PROLOGUE
Tu
me demandes un petit service, léger quant au travail, mais très grave à cause
de la précaution à prendre contre l'erreur. Tu désires en effet que je mette
par écrit ce que j'aurais pu trouver quelque part au sujet de la nativité de la
sainte et très heureuse Vierge Marie jusqu'à son incomparable enfantement et
aux premiers débuts du Christ ? Chose non point difficile à faire mais, comme
j'ai dit, très présomptueuse, à cause du danger qu'elle fait courir à la vérité.
En effet, ce que tu exiges de moi, maintenant que ma tête a blanchi, je l'ai
lu, sache-le, dans un petit livre qui m'est tombé sous la main quand j'étais un
tout jeune homme, et il se peut très bien que, à cause d'un si grand laps de
temps et de l'intervention d'autres événements qui ne sont pas légers, l'un ou
l'autre détail ait échappé à ma mémoire. Aussi pourra-t-on m'accuser non sans
raison, si j'accède à ta demande, d'omettre, d'ajouter ou de changer quelque
chose. Si je ne nie pas que cela puisse être le cas, je n'avoue pas que je le
fais délibérément. Ainsi, afin de combler tes voeux et de contenter la
curiosité des lecteurs, je rappelle à ton intention comme à celle de tout
lecteur que le petit livre en question, si j'ai bonne mémoire, avait une préface
dont le sens était à peu près le suivant :
Jérôme,
aux évêques Chromace et Héliodore.
«Vous
me demandez de vous faire savoir ce que je pense d'un petit livre que d'aucuns
possèdent sur la nativité de sainte Marie. Sachez donc qu'on y trouve beaucoup,
de faussetés. En effet, un certain Seleucus, auteur des Passions des apôtres, a
également compose ce petit livre-ci. Mais, de même qu'il a dit vrai au sujet de
leurs prodiges et des miracles qu'ils ont effectués, tout en proférant de
nombreux mensonges au sujet de leur doctrine, de même il a beaucoup inventé ici
de manière non véridique. Aussi m'efforcerai-je de traduire mot à mot, d'après
ce qui se trouve en hébreu, puisqu'il est clair que le saint évangéliste
Matthieu a compose ce même petit livre et qu'il l'a, ajouté, scellé par des
caractères hébraïques, en tête de son Evangile.»
Pour
la vérité de cela, je m'en remets à l'auteur de la préface et à la bonne foi de
l'écrivain. Personnellement, si je déclare que c'est sujet à doute, je
n'affirme pas que ce soit nettement faux. Voilà ce que je dis en toute liberté,
et qu'à mon avis aucun fidèle ne niera : que tout cela soit vrai ou inventé par
quelqu'un, de grands miracles ont précédé la sainte nativité de sainte Marie et
de très grands l'ont suivie, et pour cette raison ceux qui croient que Dieu a
pu accomplir cela peuvent les croire et les lire sans danger pour leur âme.

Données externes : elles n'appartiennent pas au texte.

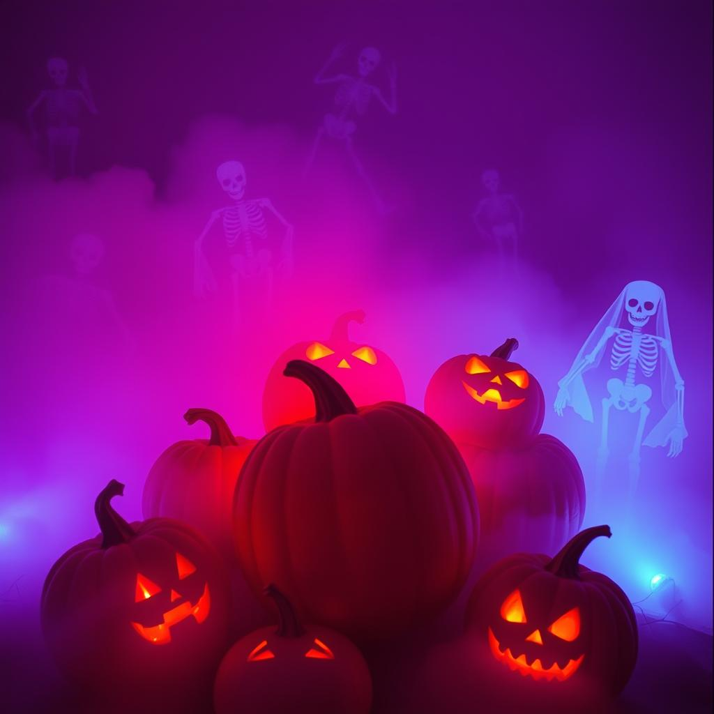 These weave into the chaos, producing a cute yet spooky, high-energy Halloween groove, Tension comes from build-ups, drops, unexpected chords, fragmented textures, and turntable-driven disruptions, Fast, playful, urban-bounce feel evokes skating through spooky starry streets, fusing Plunderphonics chaos, retro surf riffs, neon ambiance, funk, scratches into an energetic, eerie-fun track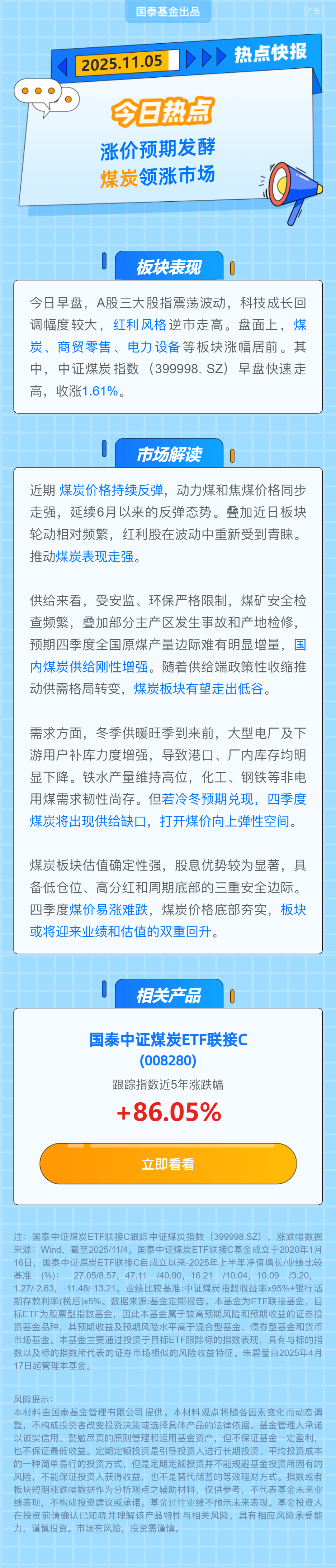 $国泰中证煤炭ETF联接A(OTCFUND|008279)$$国泰中证煤炭ETF联接C(OTCFUND|008280)$$国泰中证煤炭ETF联接E(OTCFUND|022501)$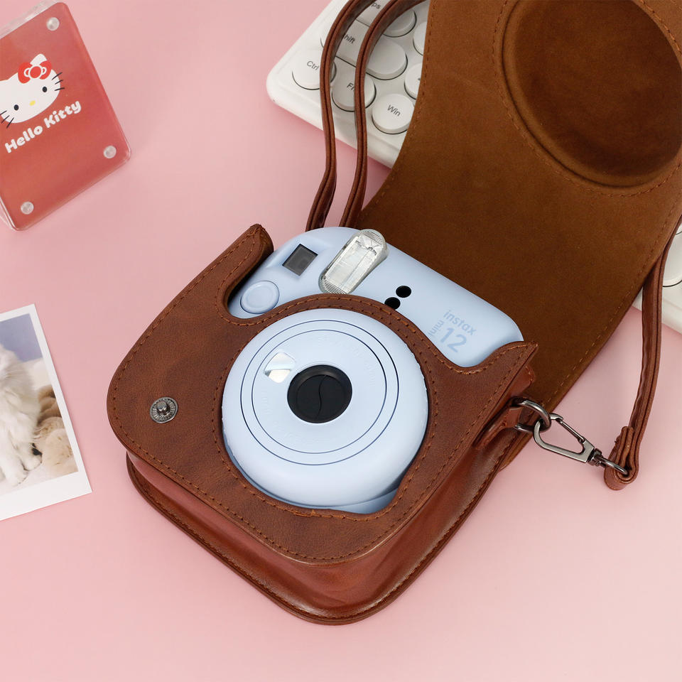 Mini Funda Protectora Cruzada para Instax Mini 12/11/9/8, Estilo Vintage Simple de Cuero PU con Adhesivo Bordado, Bolsas para Cámara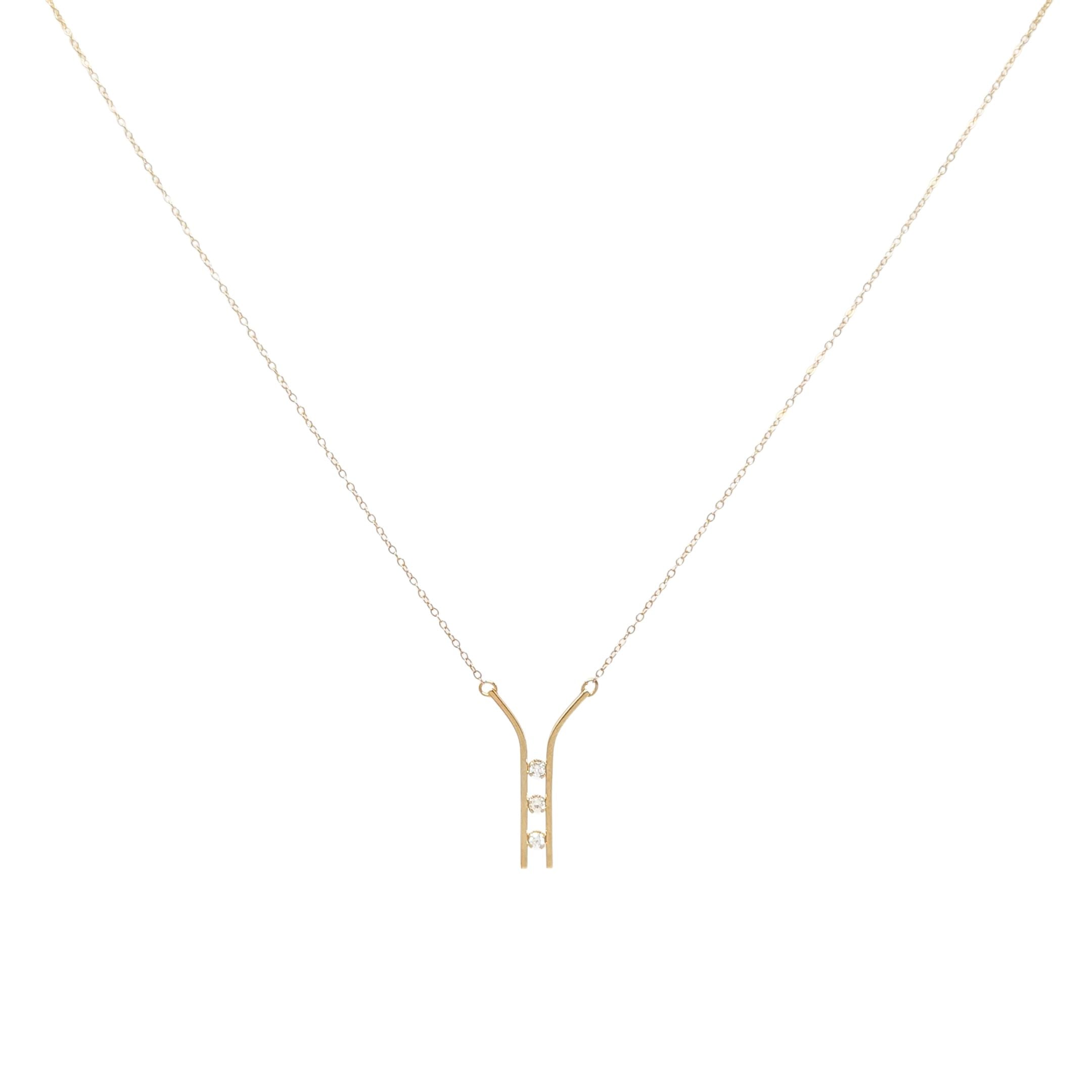 Details: A sleek and minimalist vintage necklace with a unique, fixed Y-Shaped bar pendant showcasing three round brilliant cut natural diamonds.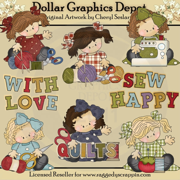 This collection includes six adorable little girls, wearing pretty polka dot, plaid, and gingham dresses, and matching hair bows, "Quilts" word art, colorful yarn, knitting needles, spools of thread, scissors, a tomato shaped pin cushion, sewing pins, a sewing machine, and two word art graphics: "With Love," and "Sew Happy." This set contains 8 graphics.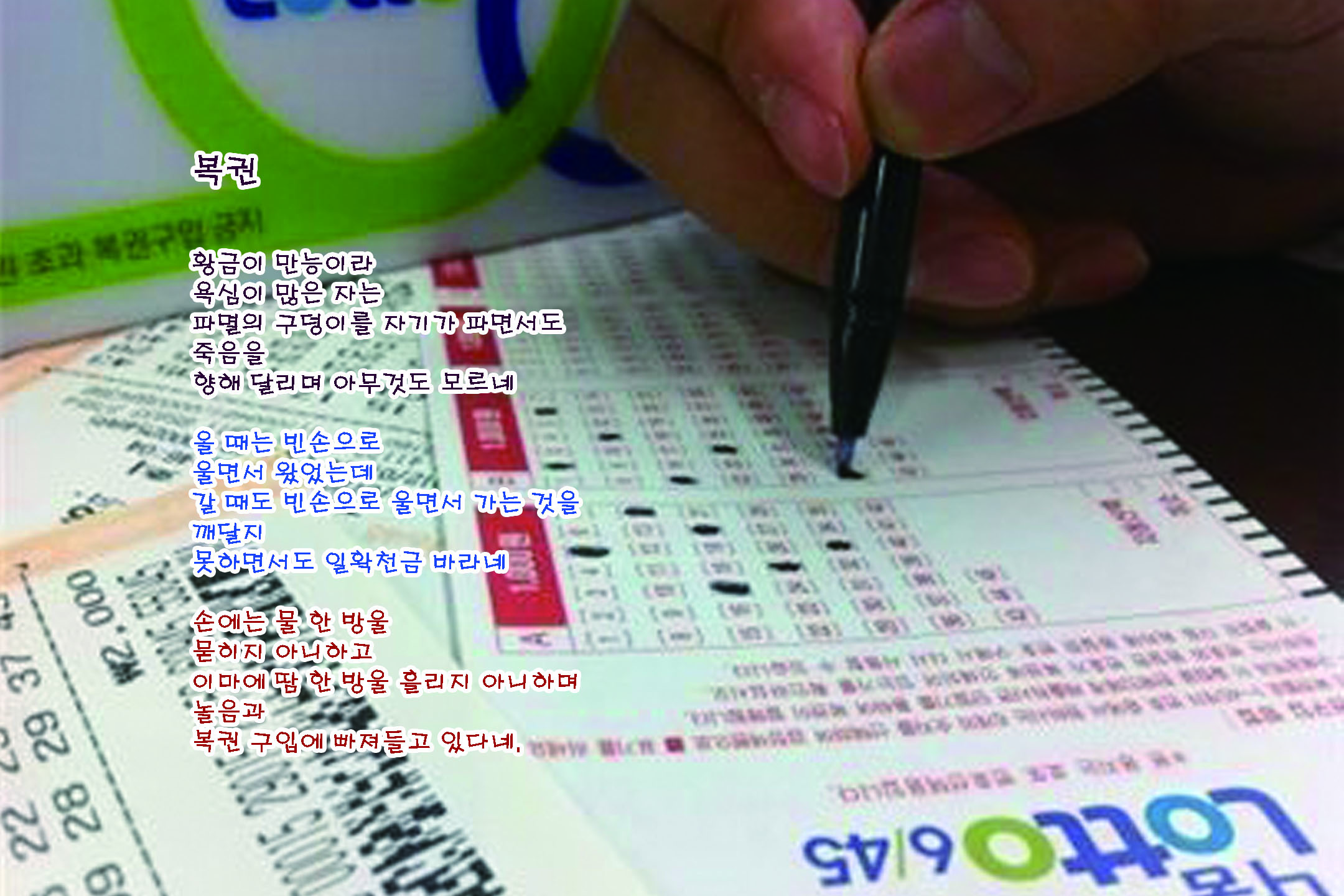 Poem - 복권sh1 (54)in #kr • 8 years ago (edited) 복권 황금이 만능이라 욕심이 많은 자는 파멸의 구덩이를 자기가 파면서도 죽음을 향해 달리며 아무것도 모르네 올 때는 빈손으로 울면서 왔었는데 갈 때도 빈손으로 울면서 가는 것을 깨달지 못하면서도 일확천금 바라네 손에는 물 한 방울 묻히지 아니하고 이마에 땀 한 방울 흘리지 아니하며 놀음과 복권 구입에 빠져들고 있다네. #steem #interesteem #jyinvest #jjangjjangman

Enfin, pour autant que je puisse m'en souvenir, je suivrai le sens et non les
mots de l'écrivain. Tantôt je me lancerai sur la même voie sans suivre pour
autant les mêmes traces, tantôt je reviendrai sur la même route par quelques
détours. Ainsi, je conduirai le fil de la narration de telle façon que je ne
dirai rien d'autre que ce qui y a été écrit ou que ce qui, raisonnablement, a
pu y être écrit.
LIVRE
DE LA NATIVITÉ DE MARIE
Donc, la bienheureuse et très glorieuse
Marie, toujours vierge, est issue de la race royale et de la famille de David ;
elle naquit dans la ville de Nazareth et fut élevée à Jérusalem dans le Temple
de Dieu. Son père s'appelait Joachim, sa mère Anne. La maison paternelle était
originaire de Galilée, de la ville de Nazareth ; la famille maternelle, de
Bethléem. Leur vie était simple et honnête devant Dieu, irréprochable et
charitable auprès des hommes. Ils divisaient tout leur bien en trois parts,
consacrant une partie au Temple et aux serviteurs du Temple, donnant une autre
aux pèlerins et aux pauvres, réservant la troisième pour eux-mêmes et pour les
besoins de leur domesticité. Justes envers Dieu, charitables envers les hommes,
ils vécurent ainsi pendant vingt ans environ une vie conjugale chaste, sans
procréation d'enfants. Ils firent cependant voeu, si Dieu leur donnait un
descendant, de le consacrer au service du Seigneur. Pour cette raison, ils
avaient également coutume de fréquenter le Temple du Seigneur à chaque fête de
l'année.
Or il advint qu'approcha la fête de la
Dédicace. Aussi Joachim monta-t-il à Jérusalem avec quelques-uns de sa tribu.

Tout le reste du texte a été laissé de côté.